* DATA SEGMENT *
[Start of Attachment]

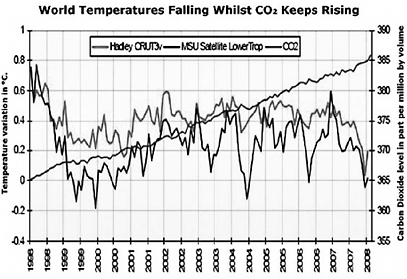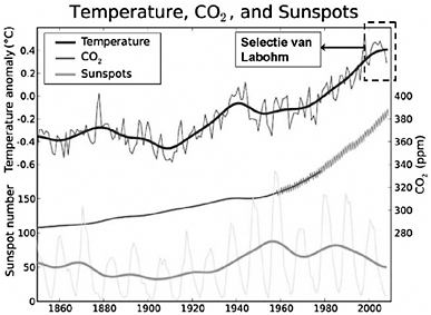 Het volgende niet-fictieve voorbeeld van een lijndiagram is ook de moeite waard. In november 2009 hekelt onafhakelijk econoom en auteur Hans Labohm in een weblog op NOS.nl alle commotie rondom het klimaat. Hij stelt: “De gemiddelde wereldtemperatuur is de laatste tien jaar namelijk gedaald, terwijl de CO2–concentratie in de atmosfeer nog steeds stijgt”. Deze stelling onderbouwt hij met een grafiek. Die grafiek is handig gekozen. Door het gebruik van twee assen, ontstaat de indruk dat de CO2-concentratie boven de temperatuur uitstijgt terwijl dit geen effect heeft op de temperatuur. De temperatuur blijft zo ongeveer gelijk. KNMI weerman en NOS journaal weerpresentator Gerrit Hiemstra vroeg zich in een reactie af, waarom Labohm slechts tien jaar liet zien. Hiemstra presenteerde een gelijke grafiek over een langere periode.
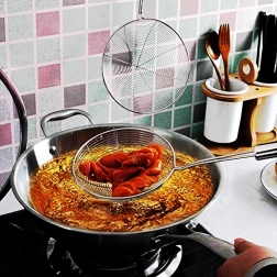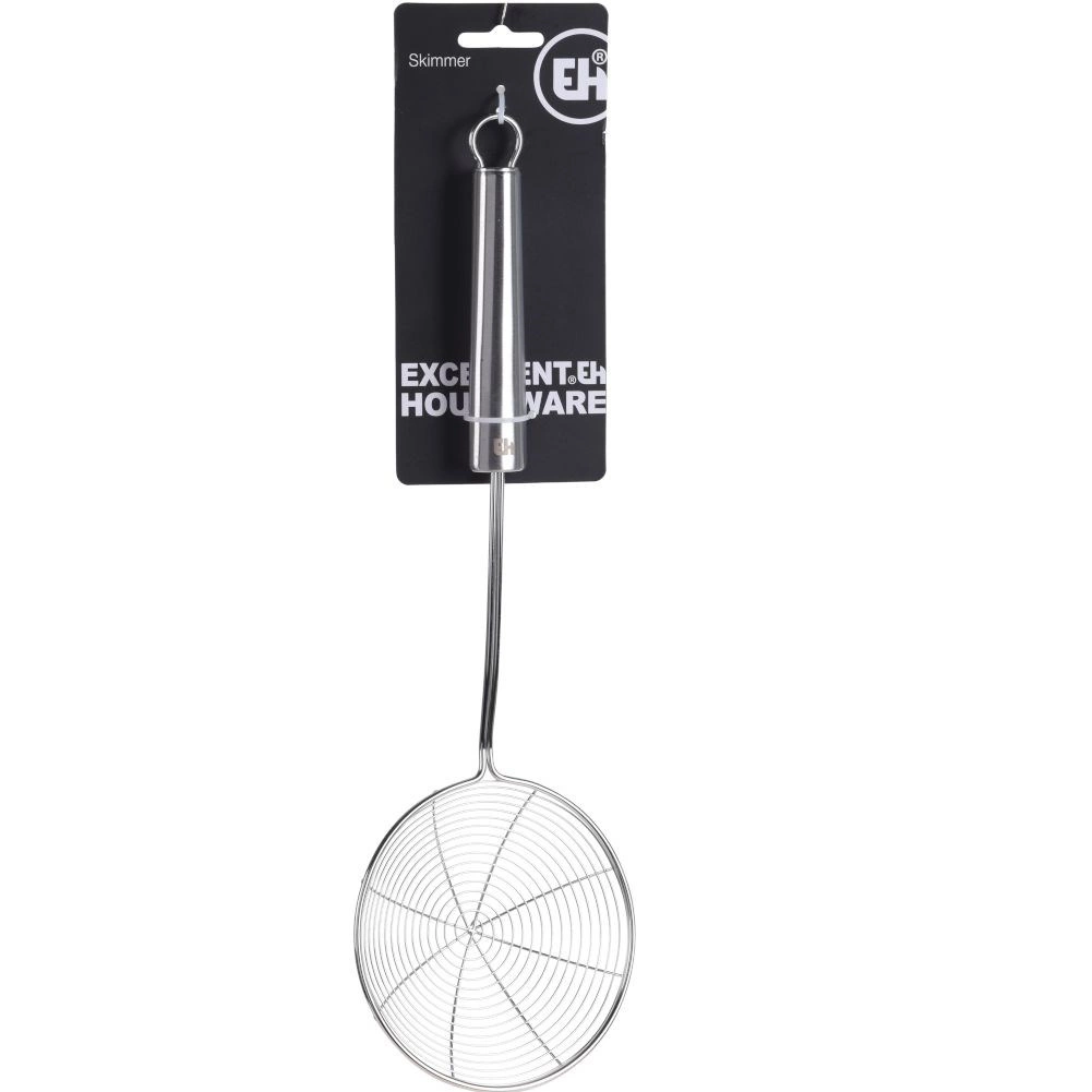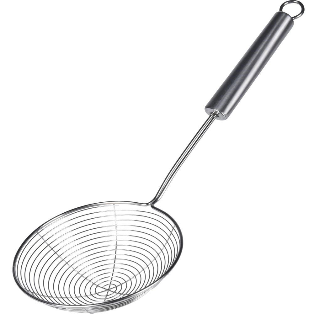 De brede draadkop zorgt voor razendsnel afgieten van water of olie en maakt het eenvoudig om knoedels, pasta of friet op te scheppen.
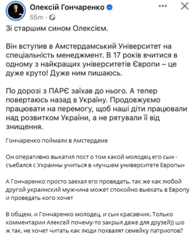 Гончаренко додав, що мав можливість побачитися із сином, коли повертався із ПАРЄ в Україну. Свою посаду нардеп розмістив у Telegram-каналі. Щоправда, можливість коментування прибрав, напевно, щоб не нарватися на критику передплатників.

[End of Attachment]

* WORK ORDER *
Reproduce the listing above exactly, excluding all pictures.

* RESPONSE TO THE EXERCISE *
 Het volgende niet-fictieve voorbeeld van een lijndiagram is ook de moeite waard. In november 2009 hekelt onafhakelijk econoom en auteur Hans Labohm in een weblog op NOS.nl alle commotie rondom het klimaat. Hij stelt: “De gemiddelde wereldtemperatuur is de laatste tien jaar namelijk gedaald, terwijl de CO2–concentratie in de atmosfeer nog steeds stijgt”. Deze stelling onderbouwt hij met een grafiek. Die grafiek is handig gekozen. Door het gebruik van twee assen, ontstaat de indruk dat de CO2-concentratie boven de temperatuur uitstijgt terwijl dit geen effect heeft op de temperatuur. De temperatuur blijft zo ongeveer gelijk. KNMI weerman en NOS journaal weerpresentator Gerrit Hiemstra vroeg zich in een reactie af, waarom Labohm slechts tien jaar liet zien. Hiemstra presenteerde een gelijke grafiek over een langere periode.
 De brede draadkop zorgt voor razendsnel afgieten van water of olie en maakt het eenvoudig om knoedels, pasta of friet op te scheppen.
 Гончаренко додав, що мав можливість побачитися із сином, коли повертався із ПАРЄ в Україну. Свою посаду нардеп розмістив у Telegram-каналі. Щоправда, можливість коментування прибрав, напевно, щоб не нарватися на критику передплатників.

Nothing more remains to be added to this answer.